2006 Volume 31 Issue 2 Pages 157-168
During the characterization of hemorrhagic factor in venom of Rhabdophis tigrinus tigrinus, so-called Yamakagashi in Japan, one of the Colubridae family, a novel metalloproteinase with molecular weight of 38 kDa in the Duvernoy's gland of Yamakagashi was identified by gelatin zymography and by monitoring its proteolytic activity using a fluorescence peptide substrate, MOCAc-PLGLA2pr(Dnp)AR-NH 2, which was developed for measuring the well-known matrix metalloproteinase (MMP) activity.
After purification by gel filtration HPLC and/or column switch HPLC system consisting of an affinity column, which was immobilized with a synthetic BS-10 peptide (MQKPRCGVPD) originating from propeptide domain of MMP-7 and a reversed-phase column, the N-terminal amino acid sequence of the 38 kDa metalloproteinase was identified as FNTFPGDLK which shared a high homology to Xenopus MMP-9.
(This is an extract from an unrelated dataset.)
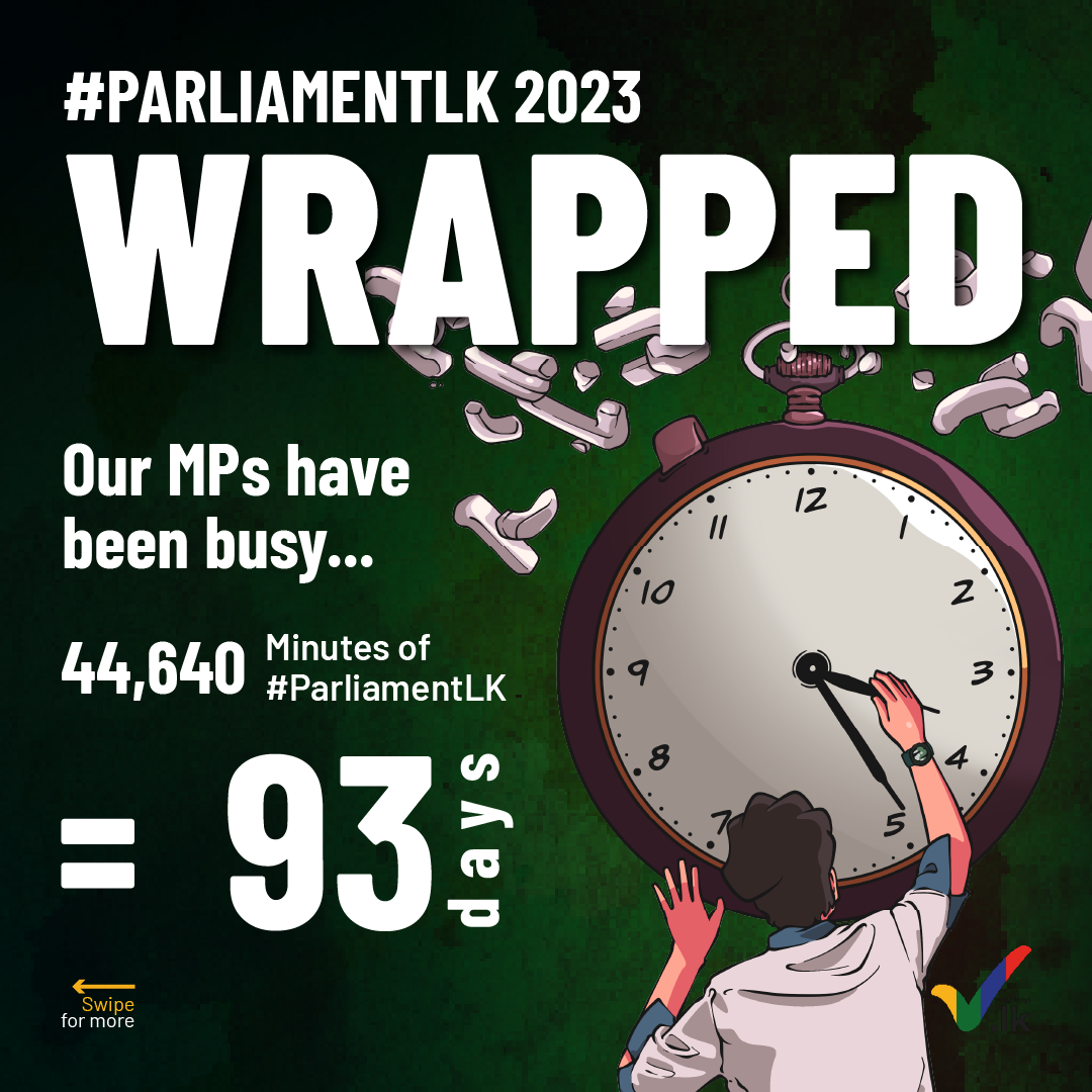 On 13 December, parliament completed proceedings for 2023 with the conclusion of the committee stage debates of Budget 2024. This infographic analysed how parliament utilised their time, including the top 5 MPs that had the highest attendance and performance in parliament. Across 105 sittings, MPs have spent 50,400 minutes in parliament. During 2023, parliament has tabled 53 bills out of which only 25 were passed. MPs also debated several topics, out of which the most discussed topics included Economy & Finance (27.6%); Governance, Administration and Parliamentary Affairs (18.7%); Justice, Defence and Public Order (12%); Urban Planning, Infrastructure & Transportation (8.8%); Trade & Industry (5.8%). MPs with the highest attendance included Dinesh Gunawardena (SLPP), Jayantha Ketagoda (SLPP), Upul Mahendra Rajapaksha (SLPP) and Yadamini Gunawardena (SLPP). Further, the MPs with the most productive contributions included Ranjith Siyambalapitiya (SLPP), Susil Premajayantha (SLPP), Sajith Premadasa (SJB), Lakshman Kiriella (SJB) and Premnath C. Dolawatte (SLPP).

The 38 kDa metalloproteinase required Zn2 + and Ca2+ ions for its proteolytic activity. In addition, the proteolytic activity was almost completely inhibited by BS-10, a MMP inhibitor, but not by the serine proteinase inhibitors, cysteine proteinase inhibitors and aspartic proteinase inhibitors.Together these results demonstrated that the 38 kDa proteinase is a novel snake verom metalloproteinase (SVMP) containing HExGHxxGxxH motif which possesses high affinity to the BS-10 peptide, into its molecule, and the enzymatic properties are closed to that of MMPs.
Based on the results obtained in the present study, we concluded that the 38 kDa metalloproteinase is a novel metalloproteinase whose activity may be regulated by the cysteine switch mechanism, and could be classified as one of the matrix metalloproteinases rather than snake venom metalloproteinases.